Earlier this yr, we mentioned that we’re bringing computer use capabilities to developers via the Gemini API. Today, we’re releasing the Gemini 2.5 Computer Use model, our latest specialized model built on Gemini 2.5 Pro’s visual understanding and reasoning capabilities that powers agents able to interacting with user interfaces (UIs). It outperforms leading alternatives on multiple web and mobile control benchmarks, all with lower latency. Developers can access these capabilities via the Gemini API in Google AI Studio and Vertex AI.

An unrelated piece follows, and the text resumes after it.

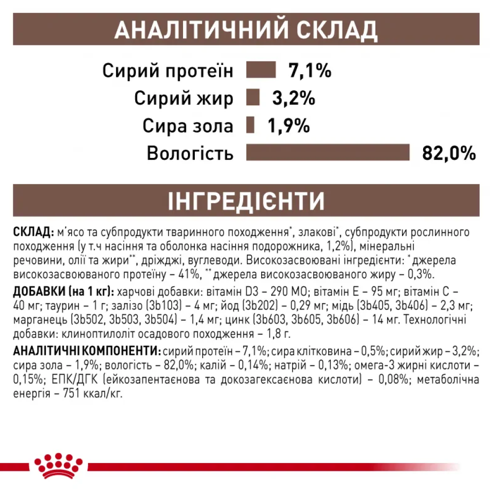 Склад: м’ясо та субпродукти тваринного походження*, злакові*, субпродукти рослинного походження (у т.ч насіння та оболонка насіння подорожника, 1,2%), мінеральні речовини, олії та жири**, дріжджі, вуглеводи. Високозасвоювані інгредієнти: *джерела високозасвоюваного протеїну - 41%, **джерела високозасвоюваного жиру - 0,3%.

While AI models can interface with software through structured APIs, many digital tasks still require direct interaction with graphical user interfaces, for instance, filling and submitting forms. To finish these tasks, agents must navigate web pages and applications just as humans do: by clicking, typing and scrolling. The power to natively fill out forms, manipulate interactive elements like dropdowns and filters, and operate behind logins is an important next step in constructing powerful, general-purpose agents.
How it really works
The model’s core capabilities are exposed through the brand new `computer_use` tool within the Gemini API and ought to be operated inside a loop. Inputs to the tool are the user request, screenshot of the environment, and a history of recent actions. The input can even specify whether to exclude functions from the full list of supported UI actions or specify additional custom functions to incorporate.